The codebase has **critical misalignments** with the official HRNZ API v1.1 specification. The API endpoints, authentication method, and field mappings are incorrect and need immediate fixing.

---

## 1. API Endpoints - CRITICAL ❌

### Current Implementation (WRONG)
```python
# In client.py
async def get_meetings(self, date_from: str, date_to: str):
    response = await self._request_with_retry(
        "GET", "meeting",  # WRONG ENDPOINT
        params={"date": date_from, "toDate": date_to},  # WRONG PARAMS
    )

async def get_meeting(self, meeting_id: int):
    response = await self._request_with_retry("GET", f"meeting/{meeting_id}")  # WRONG

async def get_race(self, meeting_id: int, race_number: int):
    response = await self._request_with_retry(
        "GET", f"meeting/{meeting_id}/race/{race_number}"  # WRONG
    )
```

### HRNZ API Spec (CORRECT)
```
GET /racing/meetings?startDate={YYYY-MM-DD}&endDate={YYYY-MM-DD}
GET /racing/meetings/{meetingId}
GET /racing/meetings/{meetingId}/races/{raceId}
```

**Note**: The spec uses `raceId` (not `race_number`)!
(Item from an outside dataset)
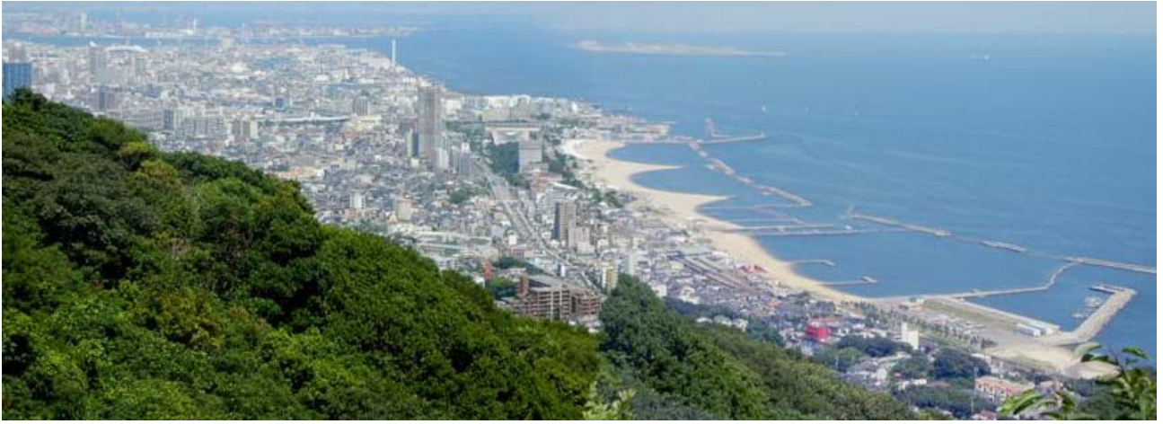
旗振山頂から眺める須磨海岸から神戸市街地 2012. 7. 9.

We need to extract `raceId` from the meeting's races array.

### Fix Required
- Change `"meeting"` → `"racing/meetings"`
- Change params to `startDate` and `endDate`
- Change `f"meeting/{id}/race/{num}"` → `f"racing/meetings/{meetingId}/races/{raceId}"`
- Handle the fact that we need `raceId` not just `race_number`

---

## 2. Authentication - CRITICAL ❌

### Current Implementation (WRONG)
```python
# client.py lines 234-249
async def _request_with_retry(...):
    # Use basic auth for all requests (hrKey not used for authentication)
    auth = (self.hrnz_config.username, self.hrnz_config.password)

    response = await self._client.request(
        method, url, params=params, auth=auth  # WRONG!
    )
```

The code fetches `hrKey` but never uses it!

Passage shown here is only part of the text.